Hacia mediados de la década de 1980 el Instituto entra en una nueva etapa. Los centros fueron desdibujándose en la medida en que sus líderes se marcharon a otros sitios o se jubilaron, y la investigación comenzó a enfocarse en lo específicamente histórico bajo la dirección de Elías Pino Iturrieta, que asumió la dirección tras la muerte del P. Hermann en 1998. Manuel Donís, su discípulo más cercano, mantuvo viva la llama de la historia territorial, al tiempo que los postgrados de historia se fueron posicionando entre los más importantes del país y Montalbán, reconvertida en una revista exclusivamente historiográfica, lograba indizaciones internacionales. También se avanzó en la organización del archivo y la biblioteca, que suma varios miles de volúmenes que aún no están del todo catalogados. Los legajos con los traslados del Archivo General de Indias tienen un índice y están a disposición de los investigadores; así como está organizada y preservada la mapoteca bajo los más estrictos criterios de conservación. No obstante aún queda trabajo por hacer. Los archivos de Pedro Pablo Barnola, Hermann González Oropeza, Ángel Grisanti y Miriam Blanco-Fombona de Hood, aún aguardan por un investigador que termine de trabajarlos y sistematizarlos.

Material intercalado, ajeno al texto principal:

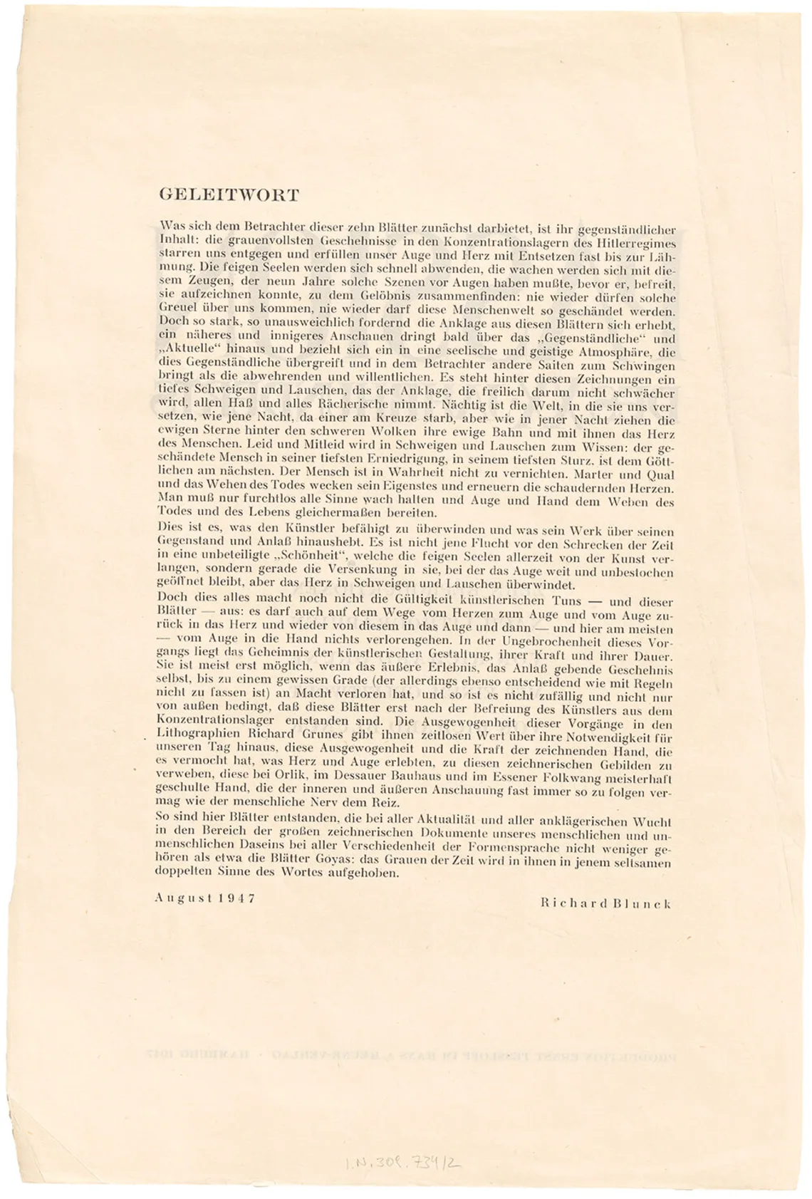 Richard Grune, 1903 in Flensburg geboren, studierte am Bauhaus in Weimar und hatte in den 1920er-Jahren erste künstlerische Erfolge. Als politischer Gegner der Nationalsozialisten engagierte er sich im linken Widerstand und fertigte Zeichnungen und Grafiken für dessen illegale Publikationen an. Anfang Dezember 1934 wurde er in Berlin wegen homosexueller Handlungen nach § 175 des reichsdeutschen Strafgesetzes verhaftet und ohne Verfahren mehrere Monate im KZ Lichtenburg inhaftiert. Erst 1936 wurde er rechtskräftig verurteilt und nach der Verbüßung der Gefängnishaft als „Schutzhäftling“ ins KZ Sachsenhausen eingeliefert.
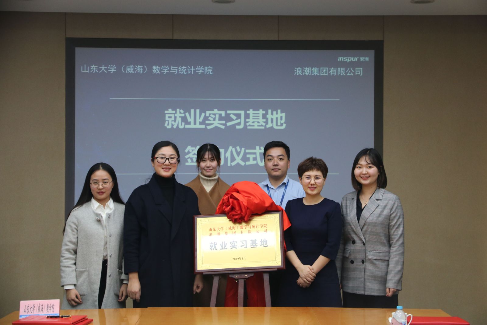在浪潮集团,学院一行先后参观了浪潮云计算创新中心和人力资源共享服务中心(HRSSC),零距离了解了浪潮的发展历程、国内领先的云平台基础设施以及云计算、大数据、人工智能等新兴技术构建的智慧方案,切身体验HRSSC一站式共享服务运行模式。在随后的座谈中,双方就院企合作融合的角度展开了深入的交流,围绕人才培养、协同育人、学生实习实践、校园招聘等方面进行了探讨,初步达成了合作意向。浪潮集团人力资源部副总经理苏玉玲与王鹏飞代表双方签订了就业实习基地合作协议,与会人员共同为实践基地揭牌,拉开双方合作的序幕。

Es, en definitiva, un legado por el que la UCAB debe sentir legítimo orgullo. Y un compromiso para quienes hemos tomado el testigo en el Instituto. Hoy, con el P. Del Rey Fajardo otra vez en la dirección, se ha planteado el rescate de algunas líneas en las que se hicieron grandes aportes y que parecen no tener continuadores, como la de las lenguas indígenas. El actual reavivamiento del problema del Esequibo ha servido para recordar que hay un legado de investigación que puede seguir siendo útil para la nación. Además del P. Del Rey, en el Instituto trabajan Manuel Donís, Francisco Javier Pérez, Dora Dávila, Ricardo Castillo, María Soledad Hernández y quien escribe esta nota. Esto significa que hay dos individuos de número de la Academia de la Historia (Del Rey y Donís) y uno de la Lengua (Pérez). Hasta su reciente jubilación estuvieron con nosotros Elías Pino Iturrieta y Demetrio Boersner. Todos coincidimos en el compromiso con la historia, la cultura y la nación que representa formar parte de aquel esfuerzo que dos jóvenes soñadores echaron a andar en un “rascacielos” del centro de Caracas en 1955.